Now a little personal experience on the upper control arm washers. On the C5's and C6's the upper shims (washers with a rubber center to hold them onto the bolts) are exactly the same as the ones on the C7. They are right at 0.1 inch thick. On a C5 or 6 they will add 0.3 deg of negative camber upon removal. On a C7 they are worth 0.4 deg.

My rig is a Z51 with 19/20 factory wheels and MPSS's for the track, and AS/3's for the street. The OM says to remove a max on one under each UCA support bolt, Z51, and none in the rear for GS and Z06. I asked a young engineer at a Museum HPDE why this is, and the answer is that under certain conditions of suspension unload the wheel can rub on the UCA. Also, when you got to aftermarket wheel diameters and offsets, the risk goes up for contact. I gave Eric a Point-by between T3-and T4 at ViR and chased him into the snake until his S/C plussed in. At 5A he was way up on the gator, and his RR wheel was off the ground maybe an inch. So, if his shock allowed full displacement of his suspension AND he had washers removed, he might have rubbed.

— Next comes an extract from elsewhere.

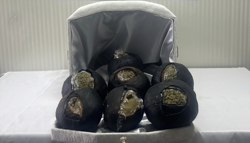Narkotik köpeği “Sebat”ın da katıldığı aramada, otobüsün bagaj kısmında 5 kilogram sentetik uyuşturucu, 2 kilogram esrar ele geçirildi.

Now If you have the OEM rear toe links, it is possible to get the claimed track settings, of -2.0 camber and the specified caster on a Z51. Further, if you get close to these camber/caster settings, you will never get toe with the limit of the OEM link. Well, at least true for the 4 different C7 Z51's I have aligned. In fact, the best you can do leaving both washers in is -2.0 on the LR and -1.9 on the RR. Then you have to have the granatelli bars to be able to have camber and caster as independent settings AND get the needed toe setting. I trailer my car to the track, but as long as you can accept a 0 toe front and rear, you should be able to drive to the track with these settings.

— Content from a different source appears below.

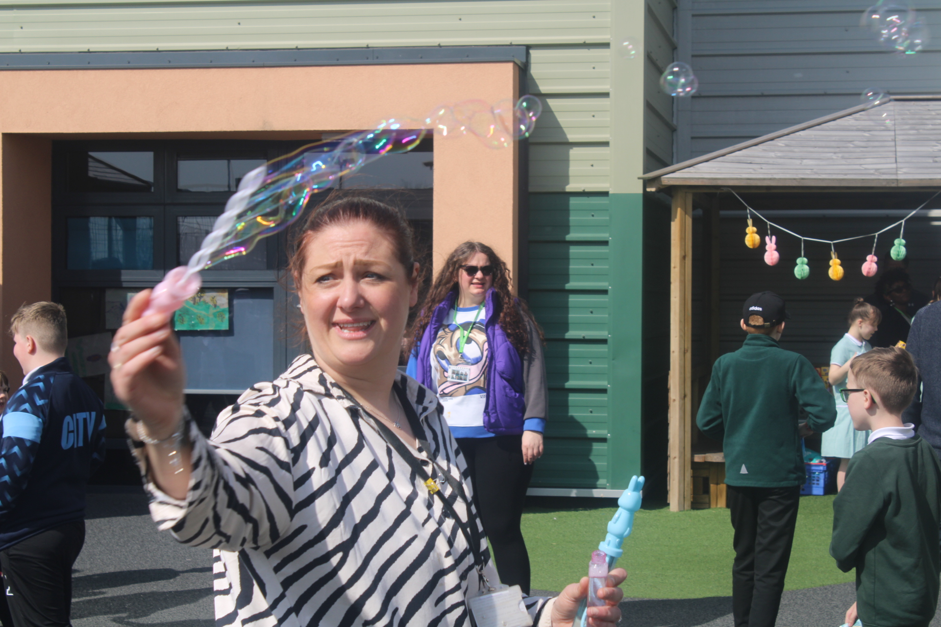 Today, the whole school participated in our first Easter fair to raise funds for our new school bus. We had events like the egg and spoon race, soak the teacher and an egg decorating competition, as well as an egg tombola egg hunt and the ice cream van. A fabulous time was had by all. Thank you to all our children, young people, staff and parents who help make this possible.

People forget about tire inflation, The best guide whether you can drive in town with a given setting is what your corner wear looks like, what center wear looks like, and whether there is feathering on the corners (an early sign of too much toe either way). Slicks or close-to-slicks with big tread blocks will still scrub the corners if the toe is wrong, instead of feathering. So, if you are really scrubbing the corners on the track, then you probably need more camber, or change your driving style. If you are scrubbing the corners on the street, then you have either a toe setting problem, inflation problem, or poor driving habits. Often drivers that apex early will also scrub tire corners unnecessarily. This is because you need to add more steering and are probably at the fringe of understeer. So your car has had time to settle into a good body roll, and you now have to ask for more turning to get through the corner. With a lot of body roll, the limit of camber gain due to suspension compression is done, and the tire contact patch begins to diminish. Same deal on the street. Always think late apex at every intersection where you turn. You will eventually find yourself making very crisp and efficient turns, and will be in oncoming traffic for a shorter duration.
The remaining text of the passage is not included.